How to Read Capital

Reading Capital

How many workers have read Marx’s CAPITAL from cover to cover? Is CAPITAL the 19th century equivalent of Professor Hawking’s BRIEF HISTORY OF TIME, to be bought from a bookshop and then left on the shelf unread? Is CAPITAL one of those books analogous to a swimming pool, where you put your toe in the water at the shallow end but never dive in from the deep end for fear of drowning?

Regrettably, Marx gave no instructions on how to read CAPITAL. There is no manual to help us. We are on our own.

Marx did, however write to his friend Ludwig Kugelmann, three months after the publication of CAPITAL, giving suggestions to Kugelmann’ s wife on how to access easier sections of CAPITAL if she was finding the first chapters too difficult. Marx wrote:

Please be so kind as to tell your good wife that the chapters on the “Working Day”, “Cooperation, Division of Labour and Machinery”, and finally on “Primitive Accumulation” are the most immediately readable.’19 ‘Cooperation, Division of Labour and Machinery’ actually refers to material that was divided into three chapters in the later editions which are nearly always the ones read today: (13) ‘Cooperation’; (14) ‘Division of Labour and Manufacture’; and (15) ‘Machinery and Modern Industry (Marx to Ludwig Kugelmann, 30 November 1867’, in MECW, Vol. 42, London: Lawrence and Wishart, 1987, p. 490

Although CAPITAL is a ground breaking critique of capitalism and of class exploitation it can also be read in other ways. Francis Wheen author of MARX'S DAS CAPITAL: A BIOGRAPHY (2006) suggested:

…as an unfinished literary masterpiece which, with its multi-layered structure, (it) can be read as a Gothic novel, a Victorian melodrama, a Greek tragedy or a Swiftian satire (GUARDIAN 8th July 2006)

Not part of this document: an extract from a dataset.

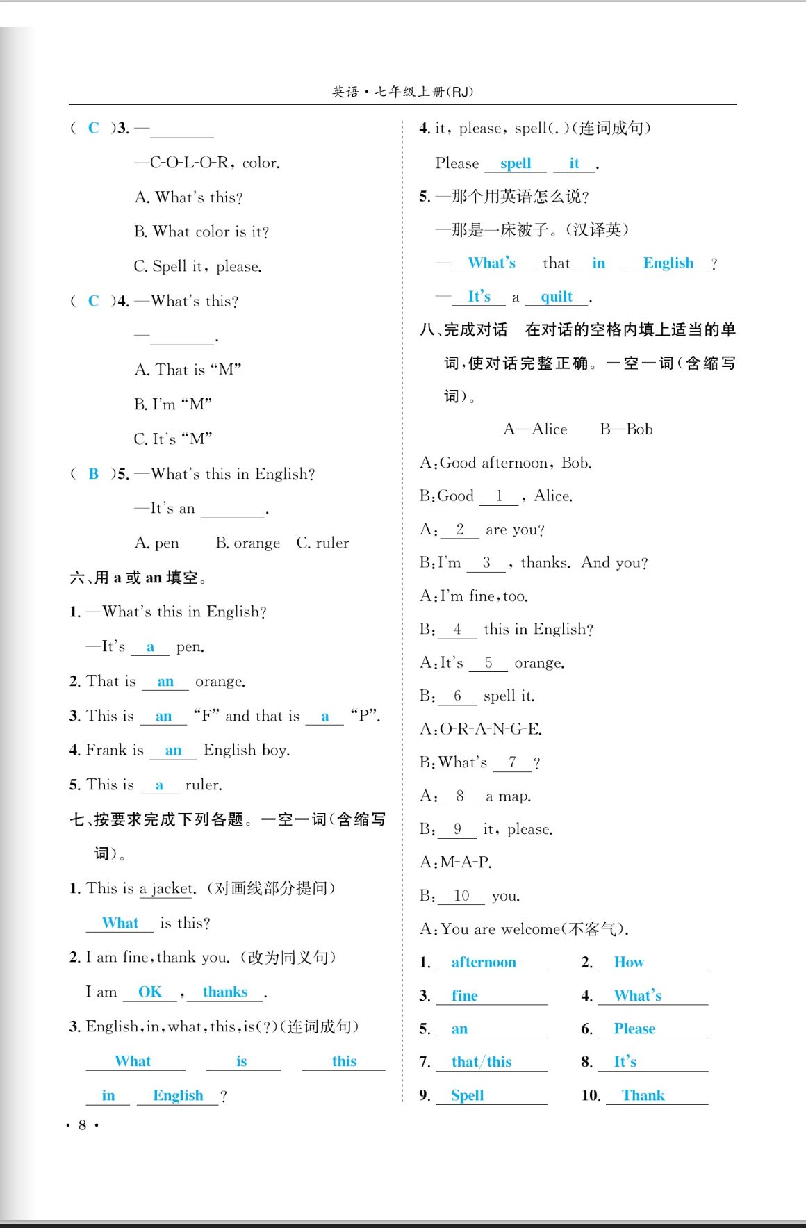 注:目前有些书本章节名称可能整理的还不是很完善,但都是按照顺序排列的,请同学们按照顺序仔细查找。练习册 2023年蓉城学霸七年级英语上册人教版成都专版 答案主要是用来给同学们做完题方便对答案用的,请勿直接抄袭。

In just reading the footnotes provides someone with an easy way of approaching CAPITAL. There is even “MARX'S 'DAS CAPITAL' FOR BEGINNERS” by Michael Wayne with illustrations by Sungyoon Chaia (2012) which depicts chapters of CAPITAL in a cartoon style. If read alongside CAPITAL itself, the illustrated book offers an accessible path through Marx’s critique of political economy and the key questions he asked; what is the commodity? Where does wealth come from? What is value and surplus value? What happens to work and to the labourer under capitalism? How are workers exploited and why do economic crises occur?

Another useful book for an understanding of CAPITAL is POLYLUXMARX edited by V Brushi, A Muzzupappa, S Nuss, S. Stecklener and S stutzle (Monthly Press 2012). In the book, Capital is presented as a series of Power- Point presentations each with detailed illustrations of Marx’s ideas and a space on each page to make copious notes.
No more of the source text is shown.